That's works well, but it plots a numbers on the X-axis ( 1,2,3,4..... ).
How can I plot the same graphic, but with dates on the X-axis ( {2007, 1, 16},  {2007, 1, 17}, {2007, 1, 18},.... ) ?

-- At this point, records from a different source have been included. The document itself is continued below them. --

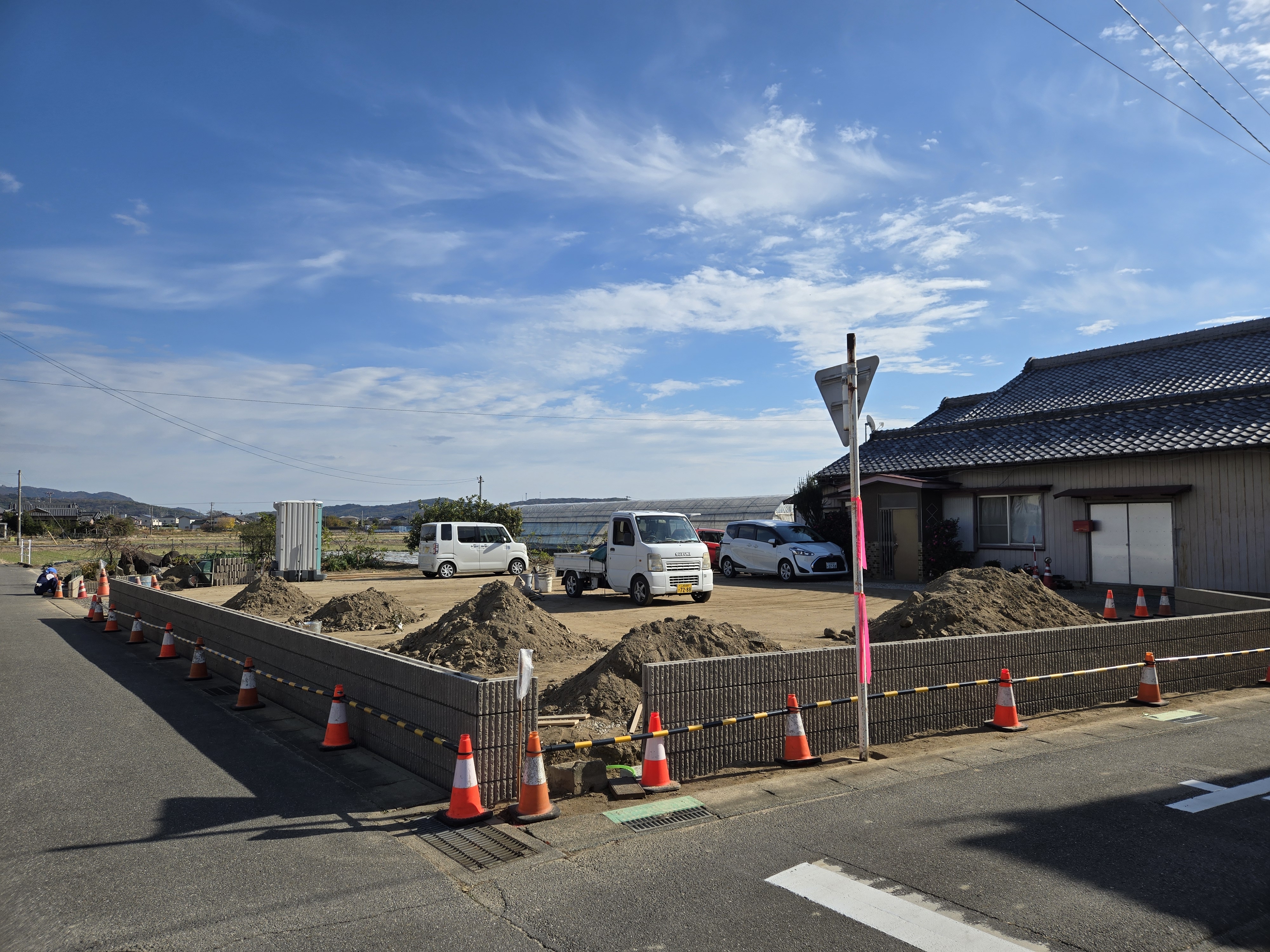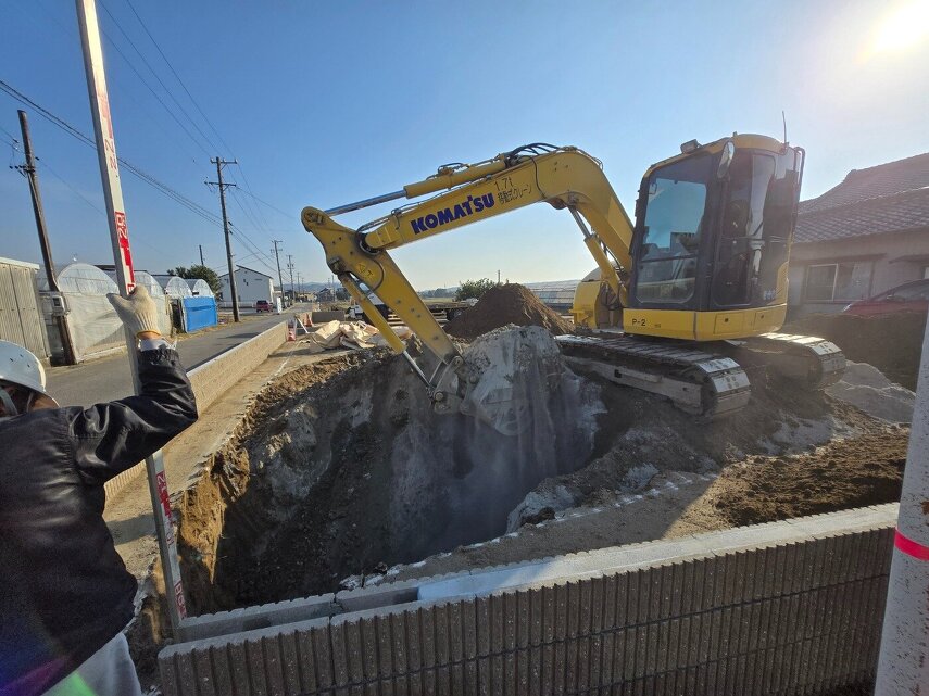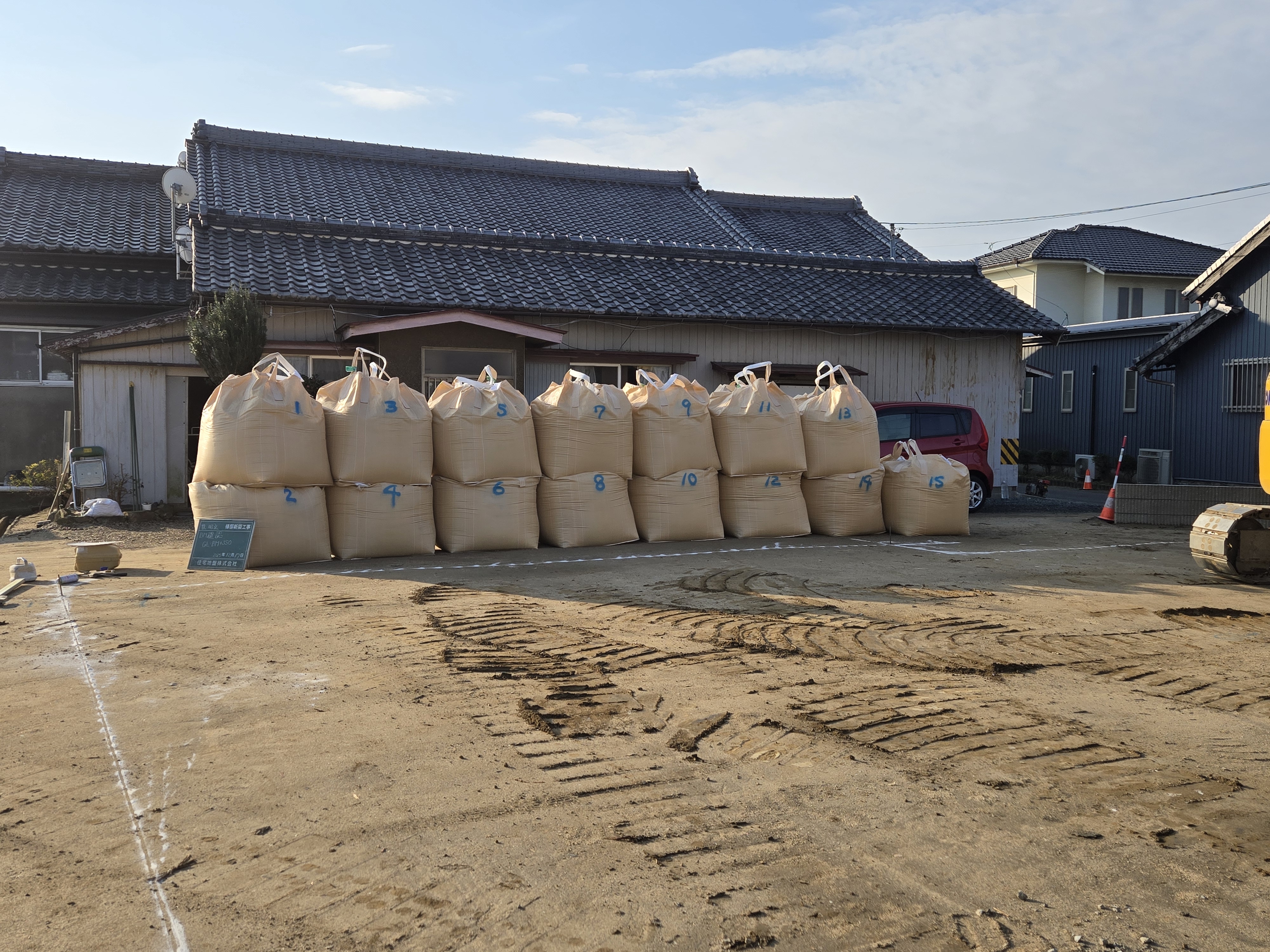 表層改良前に行う、大切な準備のひとつです。
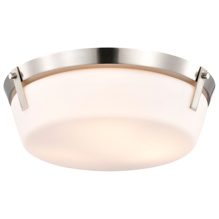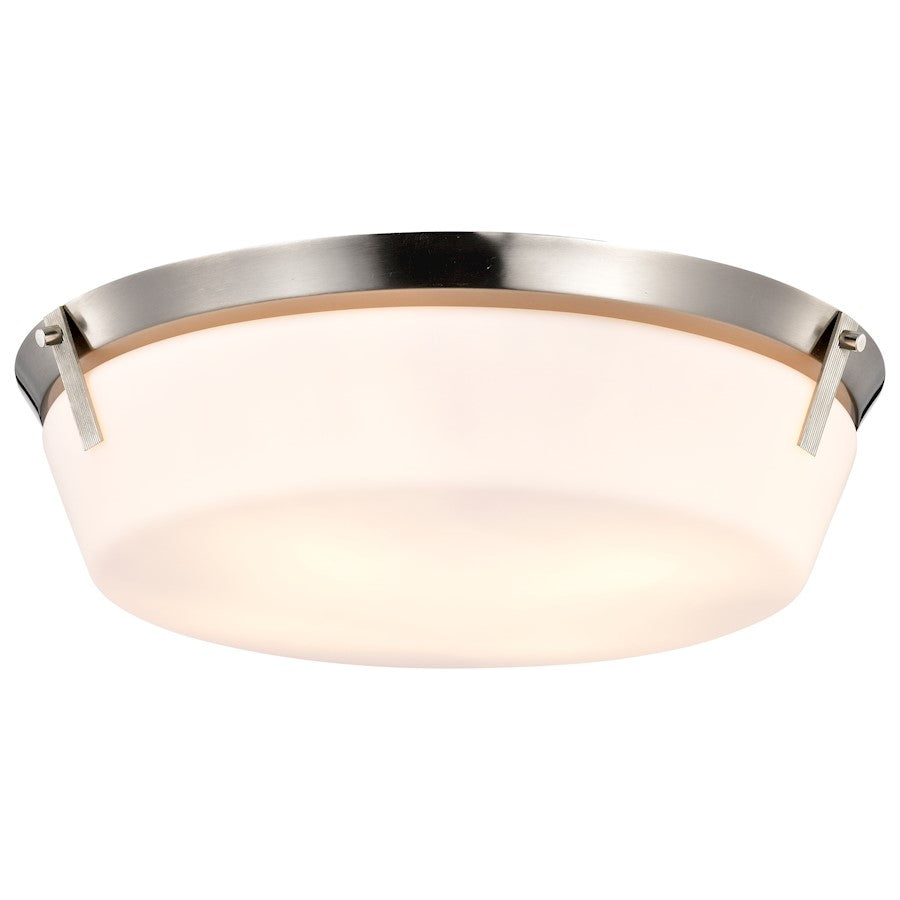 The Rowen flush mount is a versatile lighting fixture that exudes elegance and sophistication. The brushed nickel or natural brass finish gives the fixture a chic and inviting look, while the etched white glass diffuses the light to create a soft and ambient glow. Providing ample illumination makes the Rowen flush mount perfect for larger spaces or areas that require bright lighting.
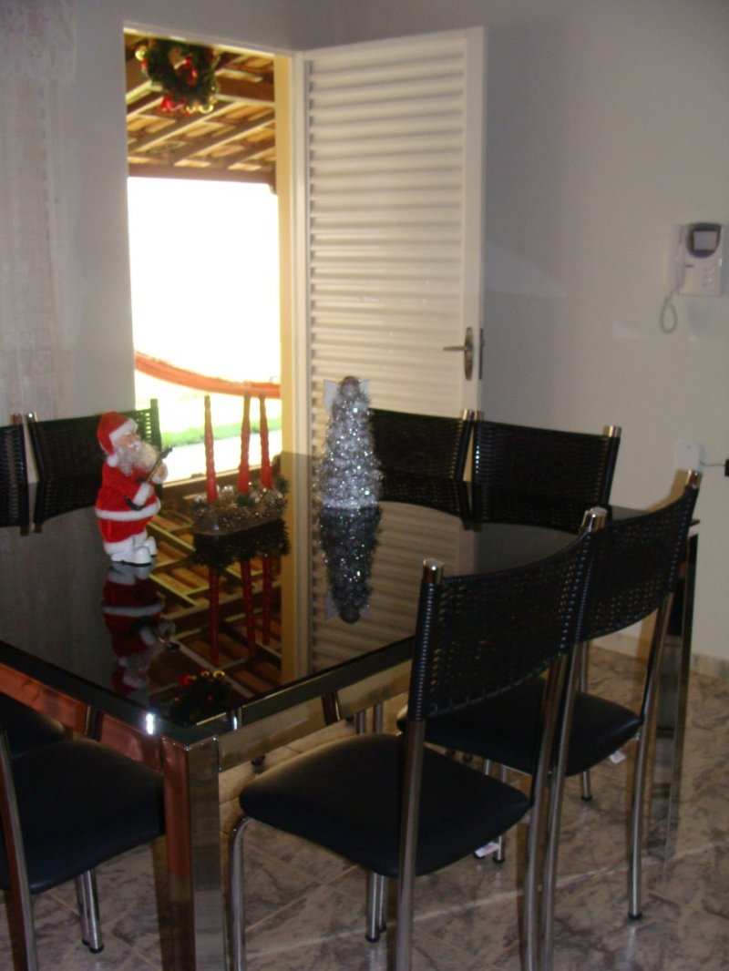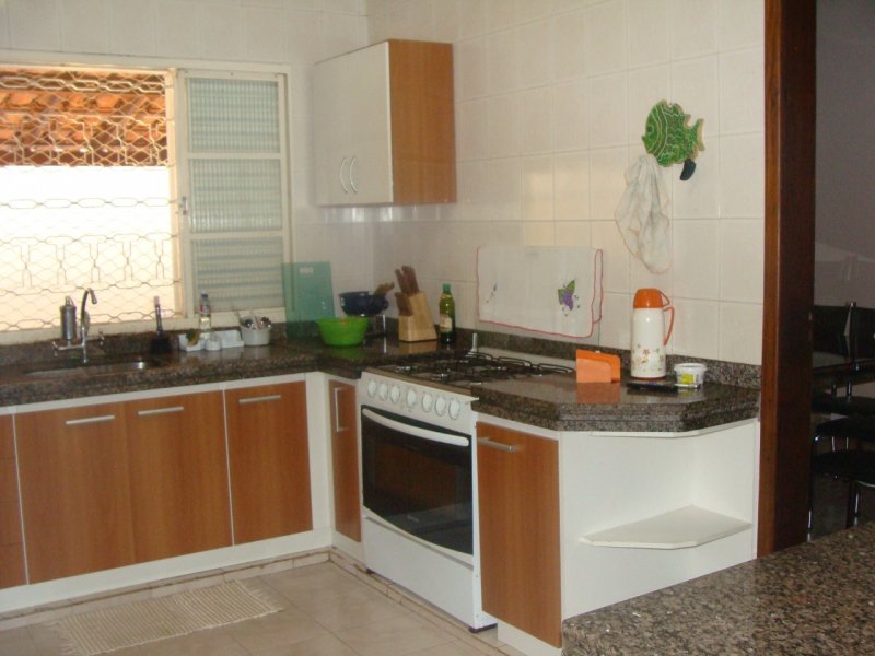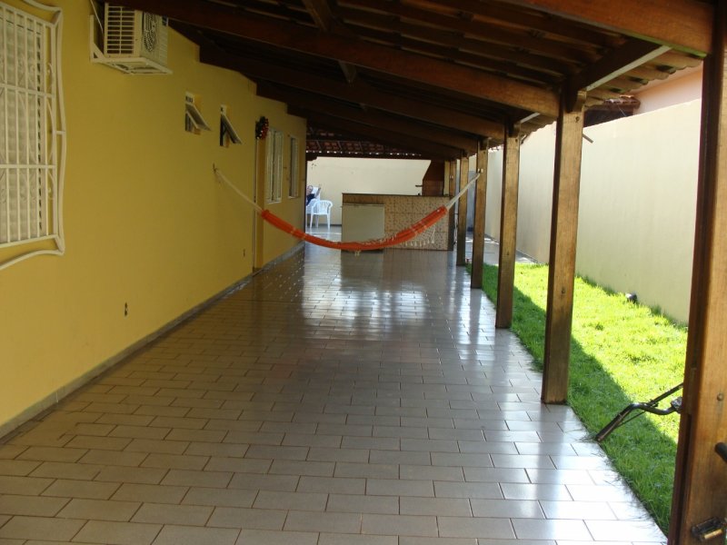 Casa composta por 3 quartos, sendo um deles suíte com ventilador de teto, ar condicionado, banheiro todo azulejado com box e pia com armário planejado. Banheiro social, sala, copa com porta de acesso à garagem. Cozinha com bancada de mármore e armários embutidos. Varanda na frente, lateral e fundos. Quintal, espaço gourmet com balcão, pia e churrasqueira. Área de serviço coberta e edícola com banheiro.
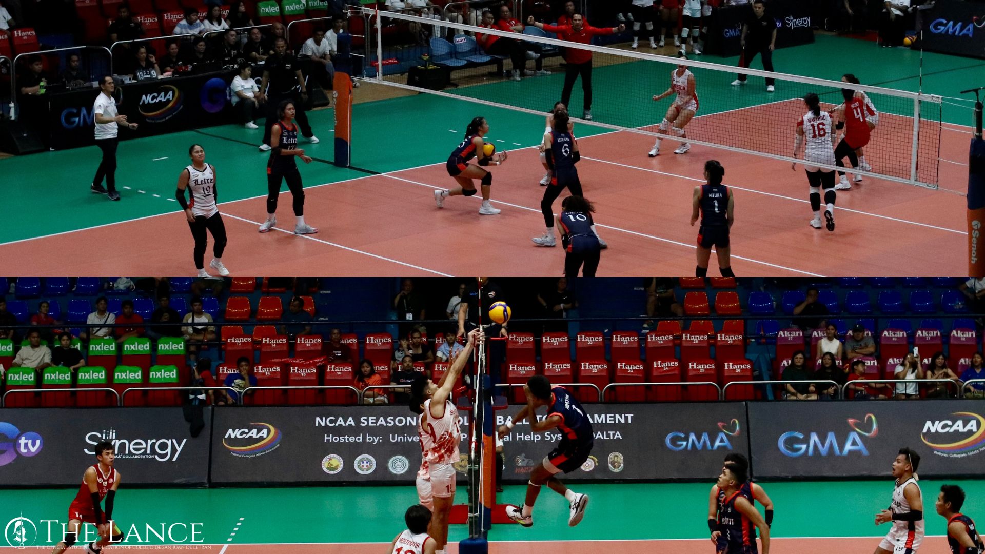 The Letran volleyball teams push for the final four spots with double wins against San Beda in the NCAA Season 99 Men's and Women's tournaments. Photo courtesy of Ram Christian Campos of The LANCE.

I found function DateListPlot, but I don't know, how to use it in this case.
Many thanks !
POSTED BY: Ivan Ivan
3 Replies
Posted 11 years ago
 In[1]:= data22 = {
 {{2007, 1, 16}, 12582.59`}, {{2007, 1, 17}, 12577.15`}, {{2007, 1, 18}, 12567.93`}, {{2007, 1, 19}, 12565.53`},
  {{2007, 1, 22}, 12477.17`}, {{2007, 1, 23}, 12533.8`}, {{2007, 1, 24}, 12621.77`}, {{2007, 1, 25}, 12502.56`},
  {{2007, 1, 26}, 12487.02`}, {{2007, 1, 29}, 12490.78`}, {{2007, 1, 30}, 12523.31`}, {{2007, 1, 31}, 12621.69`},
  {{2007, 2, 1}, 12673.68`}, {{2007, 2, 2}, 12653.49`}, {{2007, 2, 5}, 12661.74`}, {{2007, 2, 6}, 12666.31`},
  {{2007, 2, 7}, 12666.87`}, {{2007, 2, 8}, 12637.63`}, {{2007, 2, 9}, 12580.83`}, {{2007, 2, 12}, 12552.55`},
  {{2007, 2, 13}, 12654.85`}, {{2007, 2, 14}, 12741.86`}, {{2007, 2, 15}, 12765.01`}, {{2007, 2, 16}, 12767.57`}};
 g1 = DateListPlot[data22];
 
In[3]:= data33 = Map[{AbsoluteTime[First[#]], Last[#]} &, data22]

Out[3]= {
{3377894400, 12582.6}, {3377980800, 12577.2}, {3378067200, 12567.9}, {3378153600, 12565.5},
{3378412800, 12477.2}, {3378499200,12533.8}, {3378585600, 12621.8}, {3378672000, 12502.6},
{3378758400, 12487.}, {3379017600, 12490.8}, {3379104000, 12523.3}, {3379190400, 12621.7},
{3379276800, 12673.7}, {3379363200, 12653.5}, {3379622400, 12661.7}, {3379708800, 12666.3},
{3379795200, 12666.9}, {3379881600, 12637.6}, {3379968000, 12580.8}, {3380227200, 12552.6},
{3380313600, 12654.9}, {3380400000, 12741.9}, {3380486400, 12765.}, {3380572800, 12767.6}}

In[4]:= nlm = Normal[NonlinearModelFit[data33, a + b*(t)^0.3, {a, b}, t]]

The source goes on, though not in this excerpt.